Василий Фомич неожиданно вновь ощутил сложное чувство, которое раньше всегда вызывал у него Фросин. Черт его знает, как все равно мысли читает! Невольно ощущается при этом его превосходство. И всегда у Василия Фомича бунт в душе поднимался, восставало в нем что-то. Чувствовал Фомич себя ничуть не ниже фросина. Во многом он, по логике вещей, должен бы и первенствовать — старше и опытнее все же. Но вот появился новый какой-то штрих, и все вернулось на свои места. Проявлялось это всегда по-разному — и на работе, и по технике, а и то в простом каком-нибудь житейском вопросе, в котором сам бог велел Фомичу первее быть. А временами думалось Василию Фомичу, что невыявленное их соперничество-то и заставляет его не складывать оружия, не пуститься по воле волн, а двигаться, бороться, выходить победителем в борьбе с обстоятельствами и расти. Внутренне — служебный рост всего лишь отражение роста внутреннего.

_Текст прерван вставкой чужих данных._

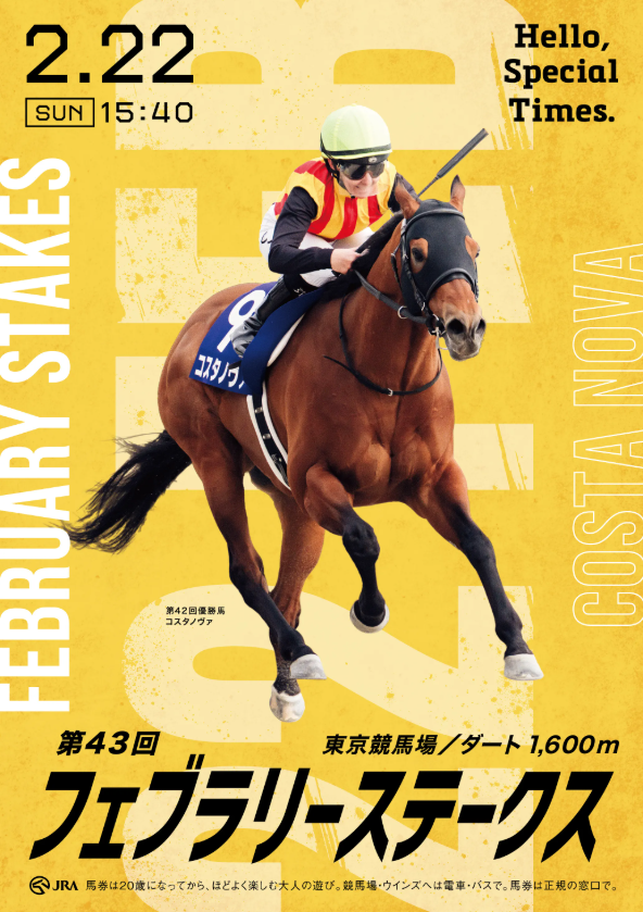 ポスターは今年も型は変わっていない。昨年の勝ち馬が映っているポスターなのだが、ワンシーンの切り抜きではなく、馬と騎手だけを切り抜いているのは少し違和感があった。そしてダートの色に近い枠色の黄色を背景カラーに使っている。昨年の勝ち馬コスタノヴァが映っているのだが、昨年以上に勝ち馬が押し出されている場合連覇もあるのかも知れない。

Парень рядом, крепко уже на взводе, возмущенно завозился, услышав фросинскую реплику. Фросин глянул на него в упор, как на неодушевленный предмет, и так же спокойно добавил:
— Но и дерьма тут тоже, конечно, хватает...
Парень отвел глаза и стих, и Фросин спокойно закончил:
— «Парус» этот давно надо прикрыть, прав Васенька. В обыкновенную пивнушку превратился, даром что музыка играет.
Фомич опять почувствовал укол — везде Фросин чувствует себя как дома. Слов не выбирает, но все у него к месту получается. И парня взглядом утихомирил, а тот явно на скандал начинал нарываться. И вообще — Фросин здесь бывал не чаще Фомича, а смотри ты — и пивко нашлось, и бармен по знаку Фросина налил по рюмке водки, а как только Фросин покачал головой и пальцем показал на фужеры, кивнул чуть заметно и поставил перед ними по полному фужеру, чуть наклонившись и сказав доверительно:
— Только побыстрее, ребята. У нас ведь тоже контроль...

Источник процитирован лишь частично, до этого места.